Tue Sep 15, 2015 7:47 am

Today, we changed a few device cables on two 24port Netonix switches coupled with a static LAG (port 21+22, key 1 on both sides). During these changes access to switch 2 and beyond (via switch 1 and the LAG) was suddenly lost. Trying to fix that, we found that the LAG is working as expected sometimes, but sometimes not. I guess you like bug reports like that. So I tried to find out more as long as my guys were at that location:

1) When it is not working, the LAG seems to behave as if it was too separate links and, because STP is disabled in our setup, we got a nice loop/storm with about 8 Mbps of multicast traffic (probably injected by OSPF multicasts). In that state, management access to switch 2 and all devices connected to it is lost if traffic has to pass the LAG. Unplugging one of the links breaks the loop/storm, and re-plugging it started the loop again - at first, but read on ...

2) Then I disabled one of the ports of the LAG on switch 2 and (with both cables plugged in) the LAG started to behave as it should - i.e. no loop/storm. However, on switch 2, I lost access to all devices with an even last digit in their IP address, including switch 2, which happens to have an even IP address too. So it seems switch 1 did not notice it had lost the link on one of the LAG ports and went on balancing traffic.

3) We then tried to unplug one and both of the LAG's cables, disabling and re-enabling LAG ports and finally got it to work with the LAG cables both connected, 1 LAG port on switch 1 and 2 disabled and the other leg passing all traffic. While trying, we weren't able to reproduce the loop/storm we had seen initially, but I kept one of the LAG's ports disabled in case it would come up again when something else is changed.

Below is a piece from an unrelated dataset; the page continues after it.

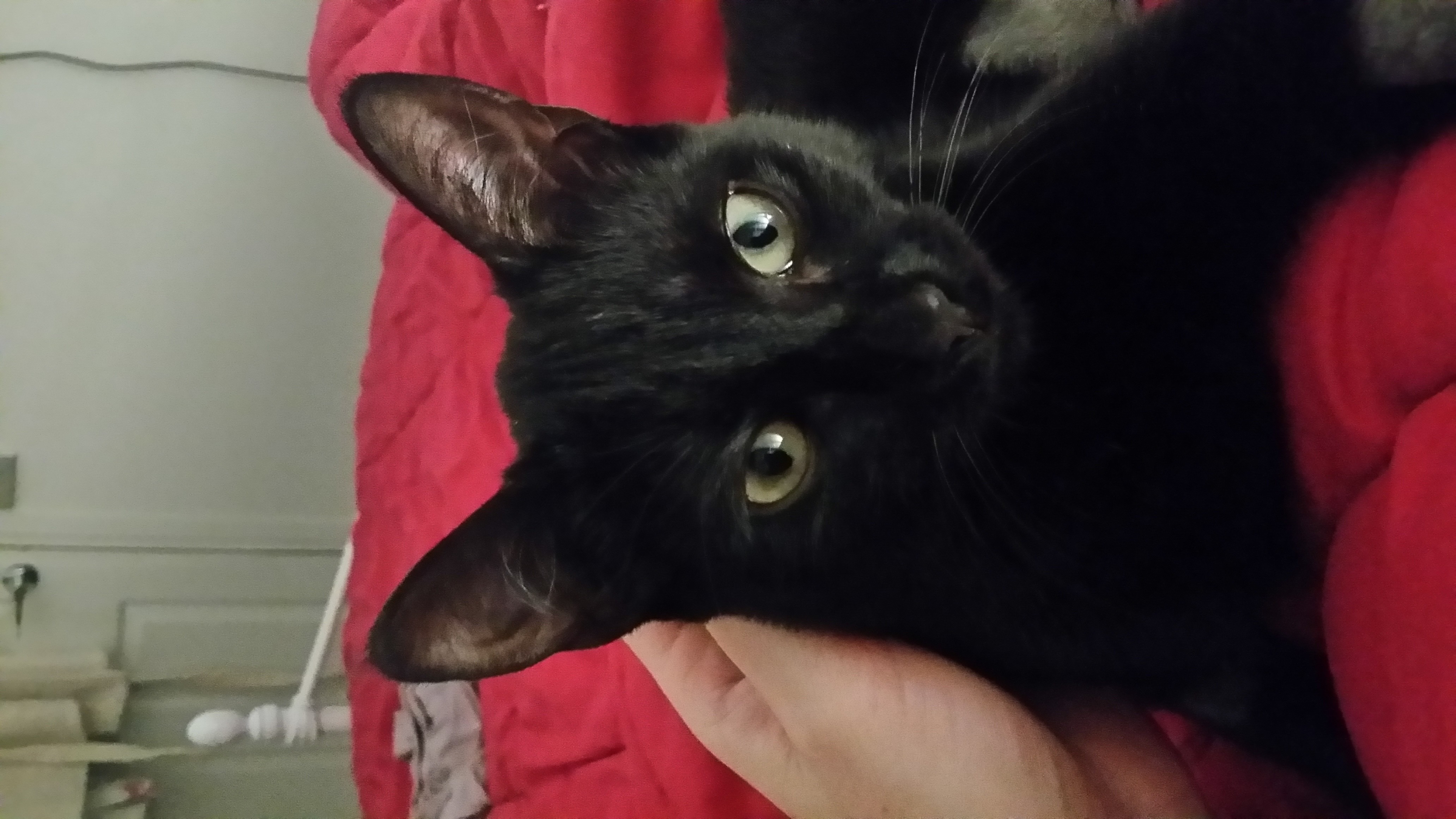 Lilly is an affectionate and playful girl. She will greet you when you come home, and will talk to you when she wants a pat. She loves to climb and loves to be with her humans. She enjoys cuddles before bedtime, and will often sleep around your neck or on your chest while you watch TV.
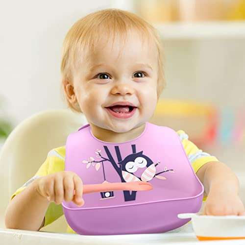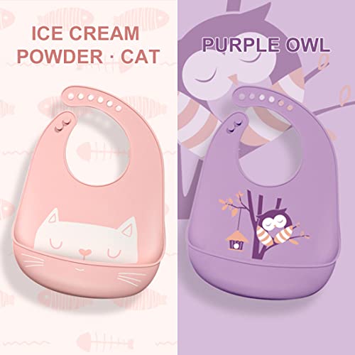 Tomedeks 2 pezzi Bavaglini in silicone per bambini, impermeabili, per lo svezzamento, con tasca per raccogliere briciole, unisex, per bambini, morbidi, facili da pulire, lavabile in lavatrice (P+P)

All I can say is that the resulting (static) LAG behavior seems to depend on the sequence of changes in configuration and cabling. I don't think a screenshot would be helpful but you can get the configuration files of course.

Tue Sep 15, 2015 9:31 am

"Static" LAGs are just that Static, there is no fault protection with "Static" LAGs like there is with LACP LAGs which is why the LACP protocol was developed to deal with a port or link fault within the LAG group. All LACP does is sit on top of "Static" LAGs and changes their grouping when a port/link within the group drops out. LACP requires a program/daemon running to constantly monitor the LAG group and reconfigures it when a port/link drops out.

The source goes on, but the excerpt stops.